あのあと色々試してみましたがやはり私の表情は変わりませんでした。



表情筋が動かない。

これはいったいなんの罰なのか。

二度目の生も不幸になる?


私だけならまだいい、でも今世の両親も?


そんなのダメだ!


私の脳裏に前世の両親が浮かんで消えた・・・。

私のせいで不幸になった二人、私の存在が死に追いやった二人。

前世の両親に今世の両親の顔がダブる。


ダメ!それだけは絶対ダメ!


それだけは我慢できない!!


でも・・・・私に、今の私に何ができる?


私は無力な三歳児なのだ。


満足に一人で生きても行けない無力な子ども。

それが今の私。





どうすればいい?どうすれば?




今は・・・、そう知識を蓄えなければ・・・・。

もう少し育ったら出て行けばいい・・・

そうすれば、私が原因で二人が死ぬことはないはずなのだから・・・















とりあえず魔法・・・・・そう!魔法を覚えよう!



魔法があればある程度は生きていけるはずだ、知識も力もないなら得ればいい。

まだ時間はあるはずだ、だがなるべく急がなくてはならない。

もう二度と、私のせいで両親を死なせない為に・・・・。





















side ローラ


私の名はローラ、ローラ・ライヒマン

歳は26歳、一児の母です。

そう私には子供がいます、愛しい旦那様との愛の結晶


私たちの娘アウラ


アウラは親の私が言うのもなんですが利発な子です。

教えた事はほとんど一度で覚えてしまう。

面白くなって冒険者時代の知識まで教え込んだのは秘密です。

アウラは面白いほど物覚えがいい、そら恐ろしいほどです。

やはりオラクル持ちは常人と違うのでしょうか?

オラクルとは神が人の子に与える祝福と言われています。

一際神に愛された魂は、時として産まれつきその身に奇跡を内包しているのです。

有名所で言えば、神官が使う治療術もオラクルの一種です。

ただこれは努力とそれに見合う魔力があれば誰にでも使えますが。

他者の心の声を聞く力、あらゆる不浄を浄化する力、距離を無視して渡る力

例を上げれば数あれど私の娘に宿った奇跡は多くの例に当てはまらない稀有なものでした。


黄金瞳、便宜的にそう呼びます。


あらゆる不可思議を見通す眼、魔力の流れや不可視の精霊をも見通すのです。

この子は私たちに見えない世界を生きている。

だからでしょうか、この子は普通の子と違っていました。


歳に似合わず利発な所、同じ歳の子供がすることはほとんどしない所、感情が表に出ない所。

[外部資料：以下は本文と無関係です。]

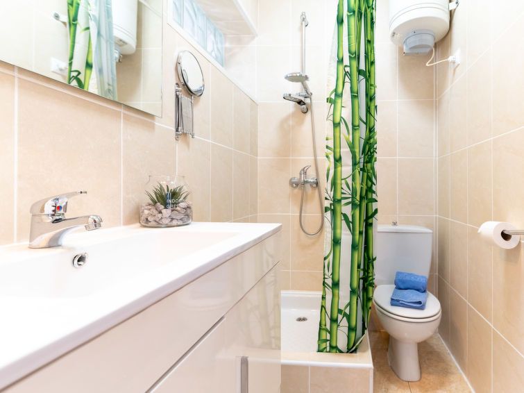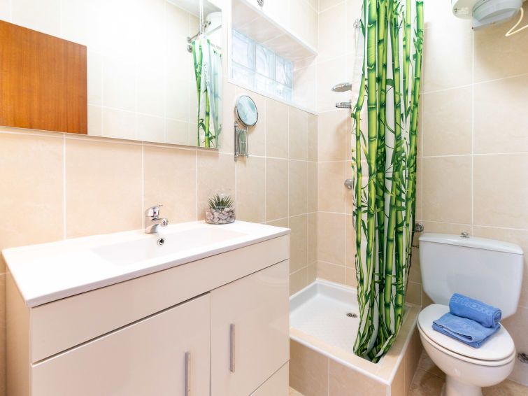 We arrived at an apartment with a beautiful terrace offering the most stunning view. A charming courtyard leads to the pool, which feels like a private pool. The apartment itself was clean and equipped with every comfort. The only downside was that the kitchen was quite small. We bought a wooden cutting board to use as a work surface on the stove.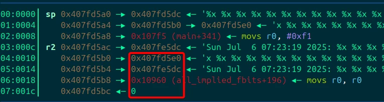 Now if we look further in the stack we can even see that our payload string is also located on the stack and enables us to have control over format-string references pointer variables.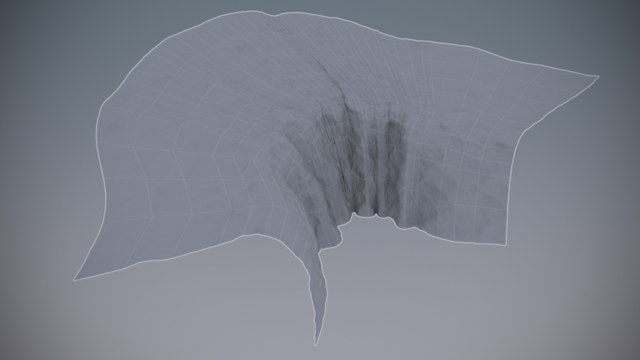 I wanted to suggest a change in the water as it plunged over the falls, churning into foam from raging rapids but I didn’t want to use particles (I’m always on a time budget with this stuff!) so I opted instead for a self-illumination (emissive) map that would over-brighten the textures at that point. I started with an inverted ambient occlusion map generated using the Surface Mapper tools in Max and then painted in some blobby foam areas. This map had no animation, it was completely static, I just hoped that the blown out lighting would work well with the scrolling textures. The mapped geometry looked like this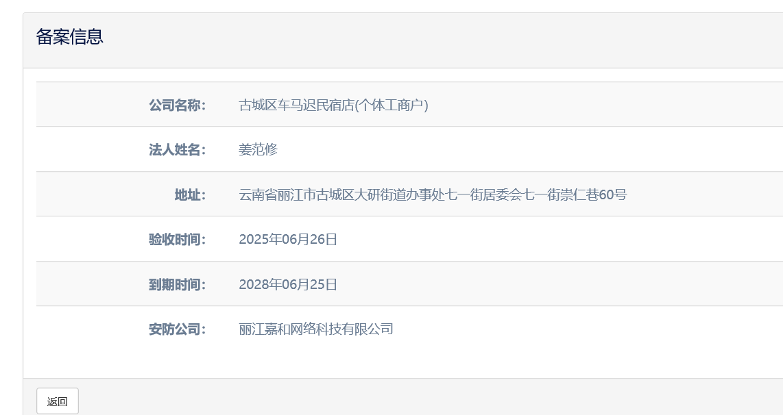 關于古城區車馬遲民宿店(個體工商戶)電子監控安防合格證下證通知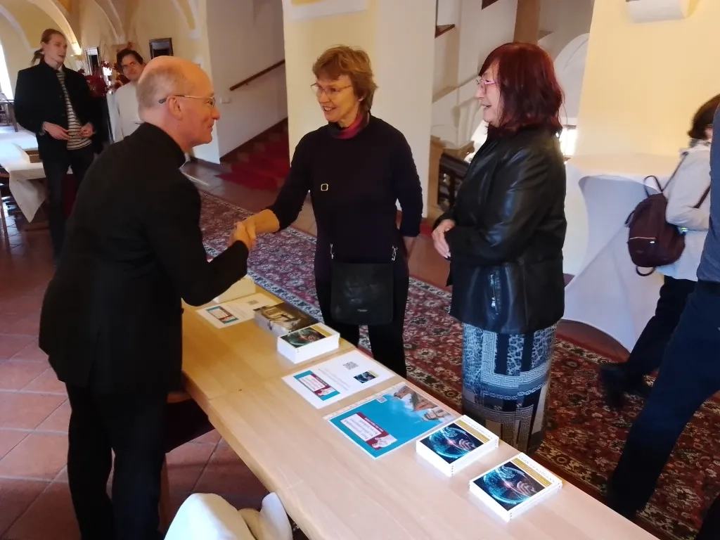 Po bohoslužbě pokračoval program v Novém Adalbertinu, účastníky osobně přivítal biskup Prokop Brož.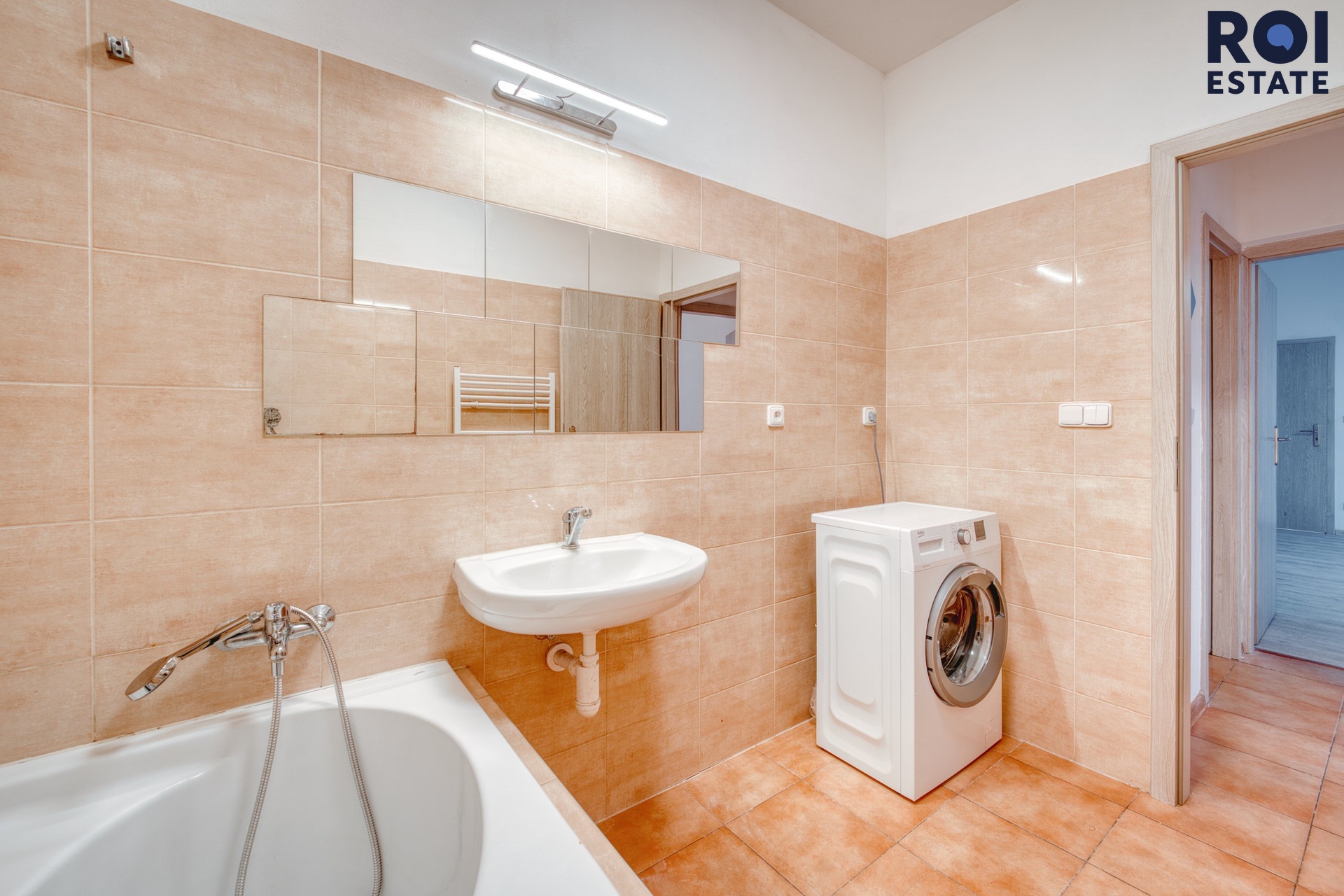 Byt nabízí prostorný obývací pokoj s kuchyňským koutem, samostatnou ložnici, koupelnu s vanou a samostatné WC. Kuchyňská linka je vybavena základními spotřebiči (sporák, trouba, lednice). Koupelna disponuje vanou, umyvadlem a pračkou.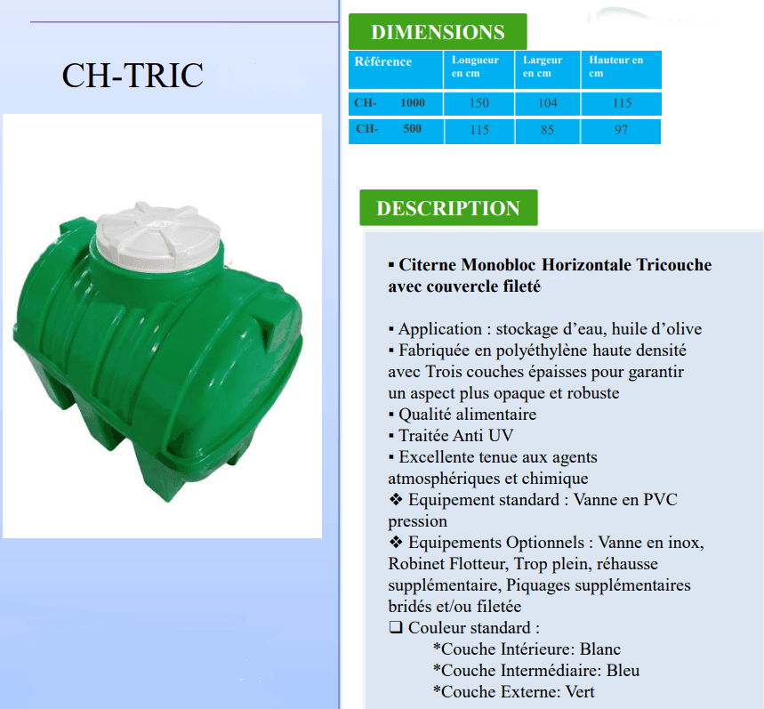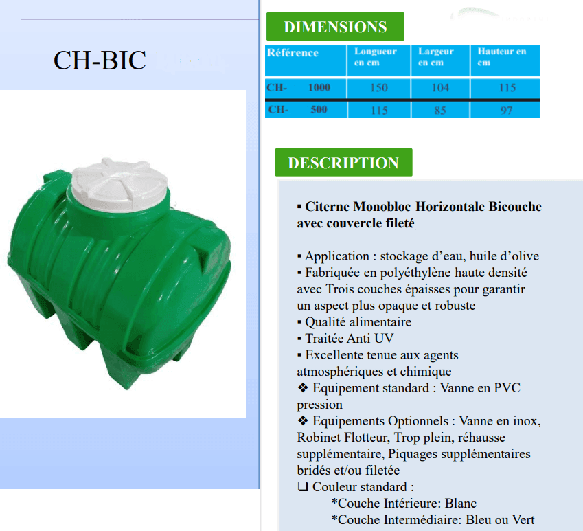 Sur Bricodari.tn, vous trouverez une large gamme de citernes alimentaires disponibles en plusieurs capacités (500 L, 1000 L, 2000 L, et plus). Nos produits sont certifiés pour l’eau potable, proposés à prix compétitifs, avec une livraison rapide partout en Tunisie, pour plus d’info contacter : 55 59 56 56.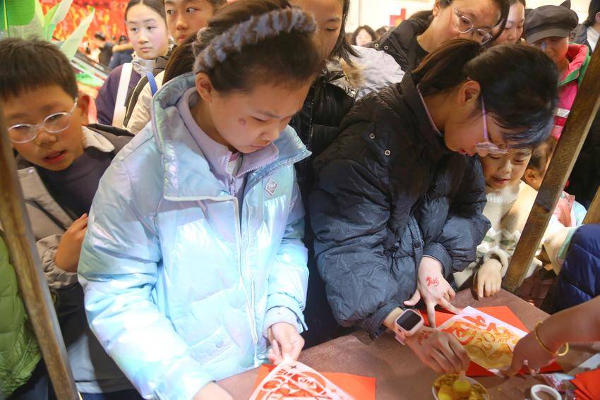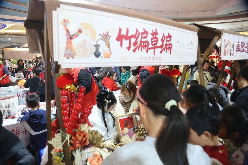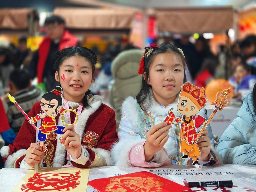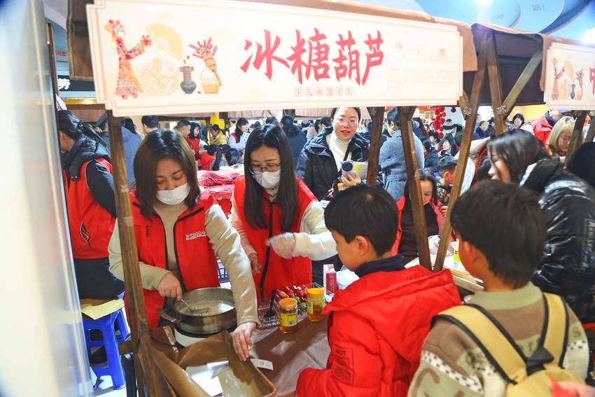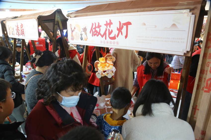除了丰富的指尖非遗体验,市集还兼顾味觉与视觉的双重享受,全方位满足亲子家庭的参与需求。冰糖葫芦展位唤起孩子们的童年记忆,面部彩绘、画灯笼、画脸谱、做花灯等展位,为孩子们打造专属新春装扮;写春联福字、猜灯谜等展位则氛围感拉满,在趣味互动中传递新春美好祝福。此外,中医展示、香囊制作等展位更添文化底蕴,让孩子们在沉浸式体验中,全方位了解传统文化,实现从舌尖到指尖的非遗一站式打卡。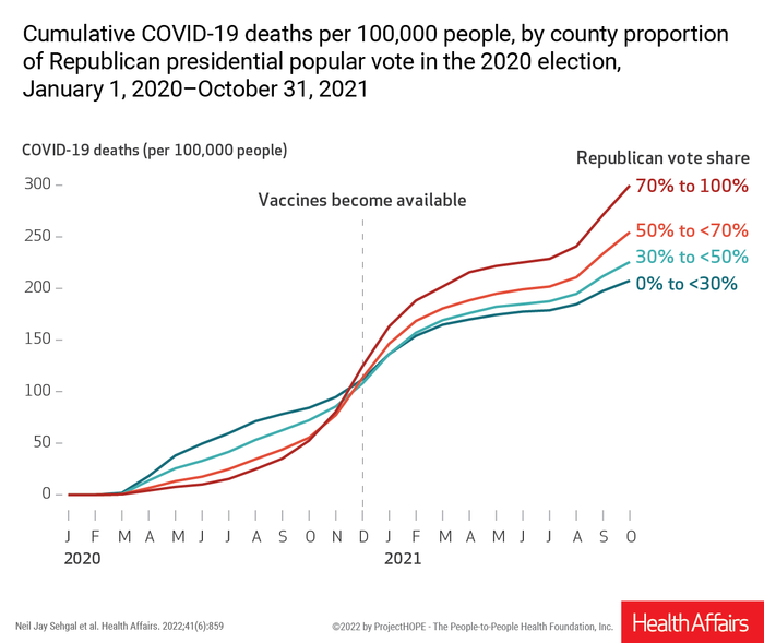 CREDIT: NEIL JAY SEHGAL ET AL EXHIBIT 2 FROM HEALTH AFFAIRS JUNE 2022 PAPER THE ASSOCIATION BETWEEN COVID-19 MORTALITY AND THE COUNTY-LEVEL PARTISAN DIVIDE IN THE UNITED STATES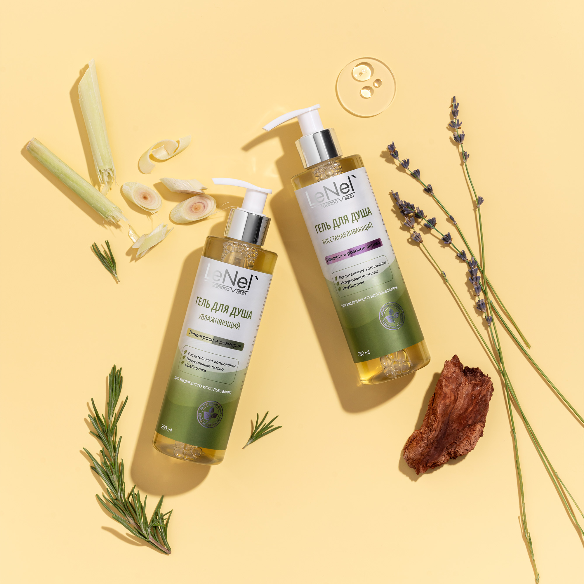 Увлажняющий гель для душа «Лемонграсс и розмарин»: Aqua (вода), Coco-Sulfate (коко-сульфат), Coco-Glucoside (коко-глюкозид), Cocamidopropyl Betaine (кокамидопропилбетаин), Glycerin (глицерин), Urea (мочевина), Betaine (бетаин), Inulin (инулин), Alpha-Glucan Oligosaccharide (альфа-глюкановый олигосахарид), Lactobacillus (лактобактерии), Calendula Officinalis Flower Extract (экстракт цветков календулы лекарственной), Benzyl Alcohol (бензиловый спирт), Ethylhexylglycerin (этилгексилглицерин), Rosmarinus Officinalis Oil (эфирное масло розмарина), Cymbopogon Citratus Essential Oil (эфирное масло лемонграсса)..

あまりに表情に変化がないので不安になって一度司祭様に見ていただいた事があります。

人の心に触れられる司祭様は、アウラには感情がないのではなくそれを表現する力がないと言われました。

感情が表現できない。


それはどんなに辛い事でしょう。


人は多くの感情を持ちます、それを持って他者と通じ、愛し合ったり、憎みあったり、笑いあったり

します。

でもこの子にはそれが出来ないというのです。

原因は不明とのことでした。

あるいは人にはない稀有な力の代償かも知れないとも。


神よ、なぜあなたはこの子に奇跡を与えたのですか?感情という無二の宝を代償にして


神よ、なぜあなたはこの子に力を与えたのですか?


あなたはこの子になにをさせようと言うのですか?


力など要らなかった、この子が人並みに生きられるのならば稀有な力など要らなかったのに・・・





















side アウラ


最近両親が深刻そうに話し合っています。

来るべき時が来たのでしょうか?

まだ私は三歳児、母や父に知識を与えられていても、今だに何も出来ない子供です。


私はどうするべきなのでしょうか?





















side テオドール


もうそろそろ限界かもしれない。

そう思った。

私はテオドール、テオドール・ライヒマン

歳は38歳、一児の父だ。

私が今悩んでいるのはその子供のことだ。

オラクルと呼ばれる神の奇跡を内包して生まれた私の子供アウラ。

オラクルを持って生まれた子供は教会によって検査を受ける。

内包する力の大きさによっては教会の庇護下に入り力の使い方を学ぶのだ。

オラクルを持つ力は時として人の常識を逸脱する。

暴走させれば天災に匹敵する被害が出ることもあるとか。

それほどの力あるものが生まれることは稀有なことだが、その稀有にアウラは当てはまるようなのだ。

これまで確認されたことのない黄金の瞳、便宜的に黄金瞳と呼ばれたものは前例のない力だった。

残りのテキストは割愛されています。